What is needed:
Every line from the one with "सरफराज कैप को" to the final line of the records should be printed exactly as it is, with pictures left out.

Information given:

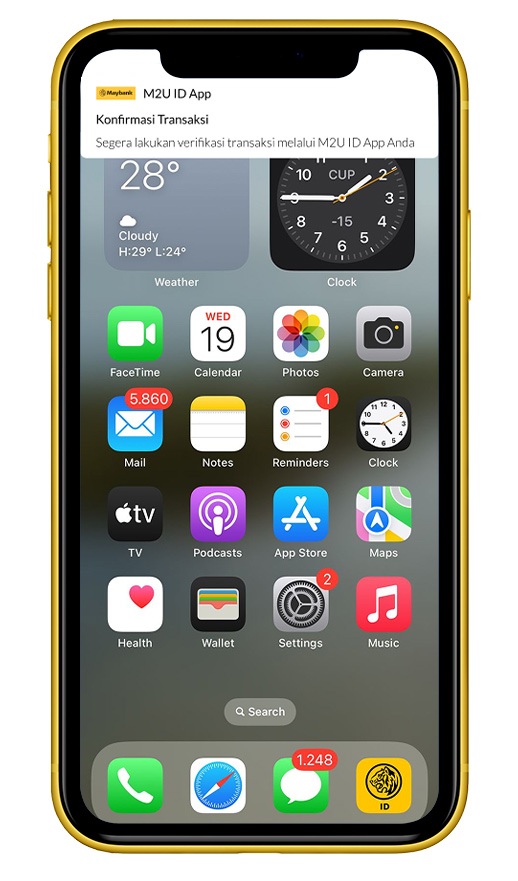 Konfirmasi akan dilakukan melalui M2U ID App. Buka notifikasi pop-up dari M2U ID App di smartphone Anda.
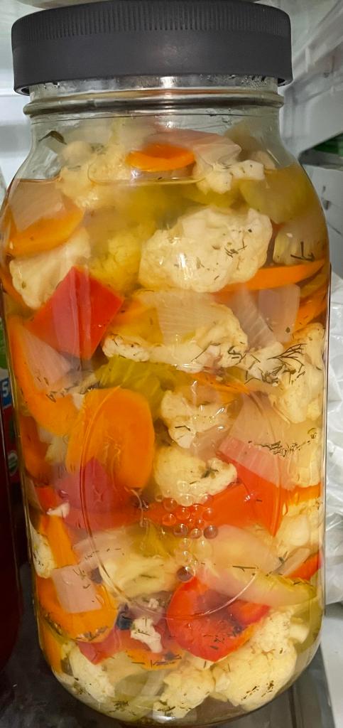 A quart of giardiniera in the refrigerator. This “might” last us until late September. It has cauliflower, red pepper, onion, carrot and celery. I could have added green beans, but didn’t have any when everything else was ready for pickling.
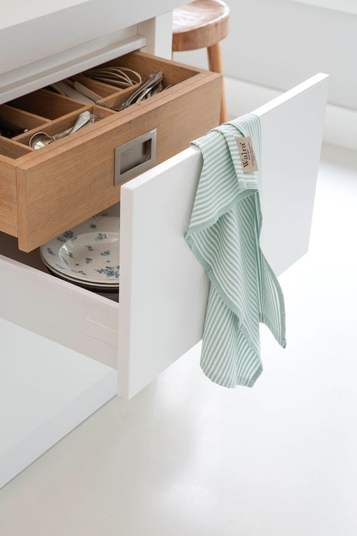 The superior kitchen and tea towel set by Walra includes two tea towels: the Superior Dry cloth with a striped motif, and the Superior Glass cloth with a diamond motif. Additionally, the set contains one kitchen towel: the Superior Kitchen cloth, ideal for drying hands. These high-quality towels are highly absorbent and feature a convenient loop. The classic and timeless designs effortlessly complement any interior. Washable at 60°C and dryable at low temperature in a dryer.
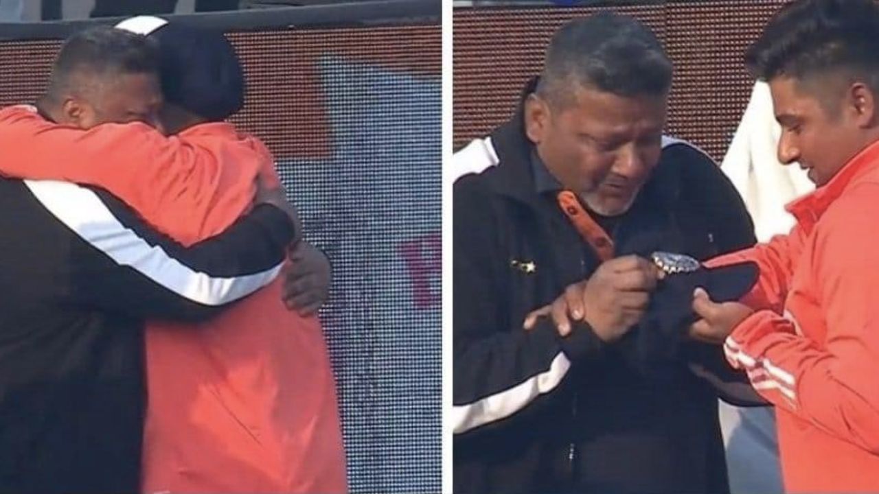 सरफराज कैप को लेकर स्टेडियम में खड़े अपने पिता के पास पहुंचे. तब सरफराज के पिता टीम इंडिया की कैप देखकर अपने आंसू नहीं रोक पाए. वे बेटे के हाथ में टीम इंडिया की कैप देखकर रो पड़े. सरफराज का डोमेस्टिक क्रिकेट में अच्छा रिकॉर्ड रहा है और लगातार उनको टीम में शामिल करने की मांग उठ रही थी. हालांकि अब उनका सपना पूरा हो गया है और राजकोट में वे पहला मुकाबला खेलते नजर आएंगे.
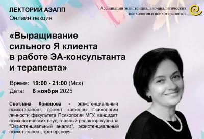 ЛЕКТОРИЙ АЭАПП. "ВЫРАЩИВАНИЕ СИЛЬНОГО «Я» КЛИЕНТА В РАБОТЕ ЭА-КОНСУЛЬТАНТА И ТЕРАПЕВТА"
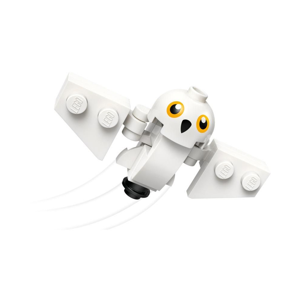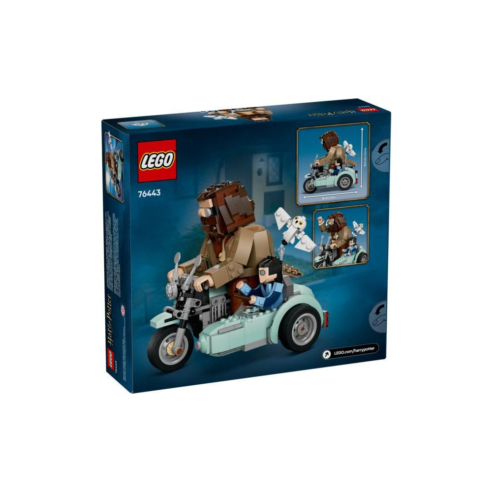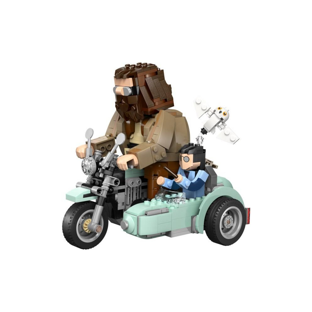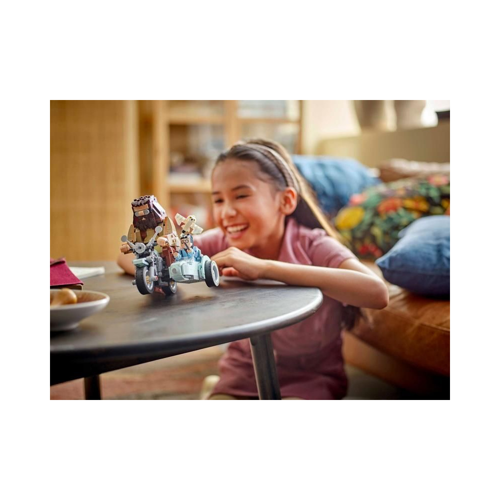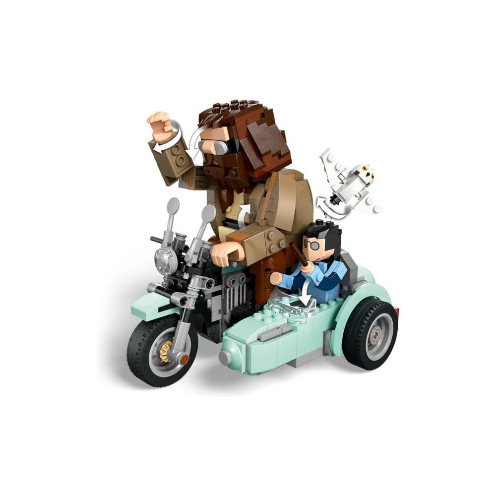 - 3 LEGO® Harry Potter™ kockából készült figura – A modell tartalmazza Harry Potter, Hedwig és Rubeus Hagrid beépített, mozgatható figuráit, akik Hagrid repülő, oldalkocsis motorján utaznak.
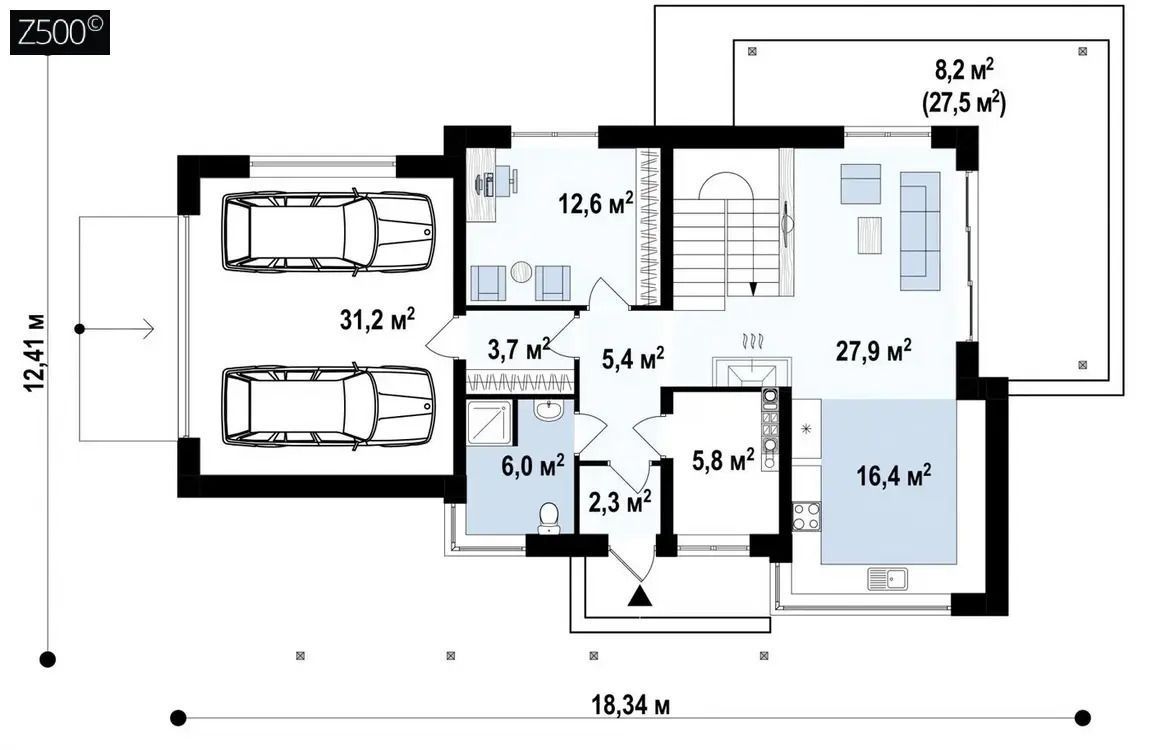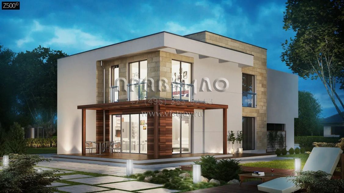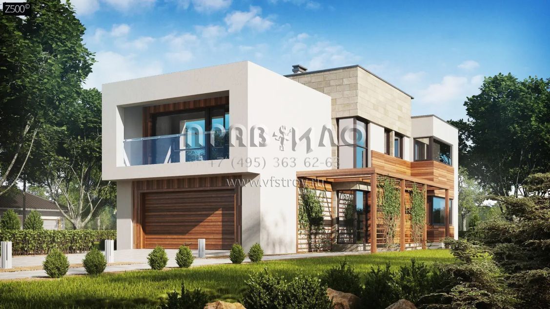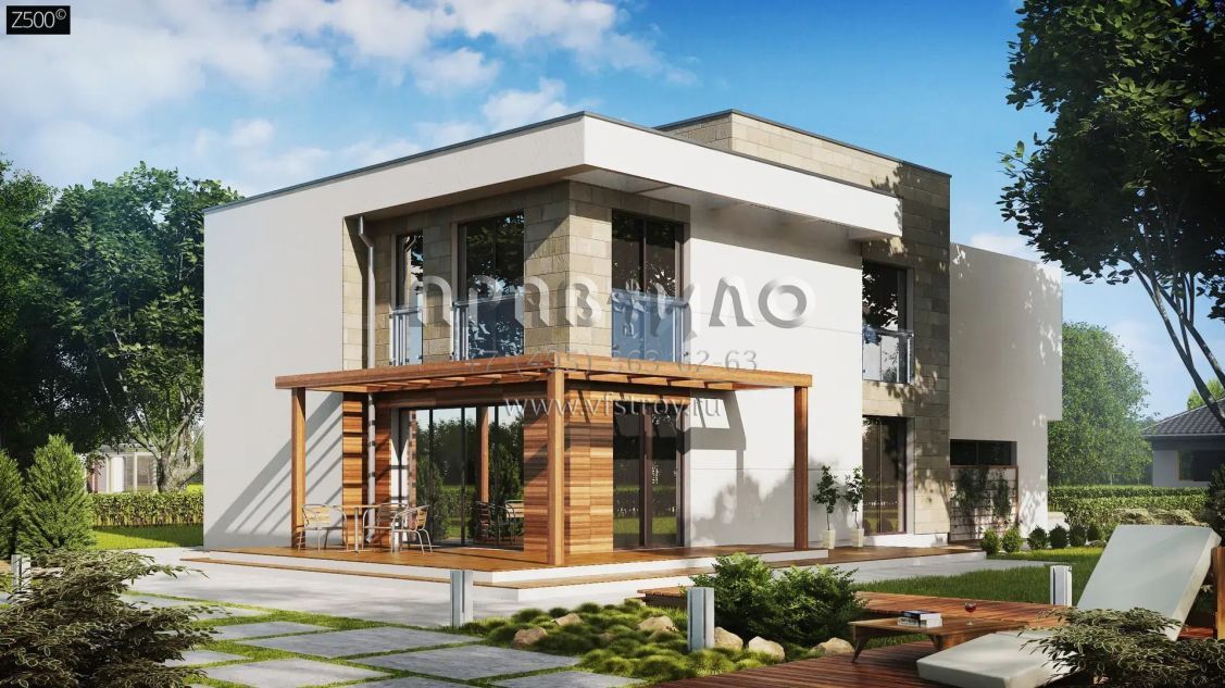 Проект двухэтажного современного дома с плитным перекрытием. S3-211 (Zx114 pk)

Response:
 सरफराज कैप को लेकर स्टेडियम में खड़े अपने पिता के पास पहुंचे. तब सरफराज के पिता टीम इंडिया की कैप देखकर अपने आंसू नहीं रोक पाए. वे बेटे के हाथ में टीम इंडिया की कैप देखकर रो पड़े. सरफराज का डोमेस्टिक क्रिकेट में अच्छा रिकॉर्ड रहा है और लगातार उनको टीम में शामिल करने की मांग उठ रही थी. हालांकि अब उनका सपना पूरा हो गया है और राजकोट में वे पहला मुकाबला खेलते नजर आएंगे.
 ЛЕКТОРИЙ АЭАПП. "ВЫРАЩИВАНИЕ СИЛЬНОГО «Я» КЛИЕНТА В РАБОТЕ ЭА-КОНСУЛЬТАНТА И ТЕРАПЕВТА"
 - 3 LEGO® Harry Potter™ kockából készült figura – A modell tartalmazza Harry Potter, Hedwig és Rubeus Hagrid beépített, mozgatható figuráit, akik Hagrid repülő, oldalkocsis motorján utaznak.
 Проект двухэтажного современного дома с плитным перекрытием. S3-211 (Zx114 pk)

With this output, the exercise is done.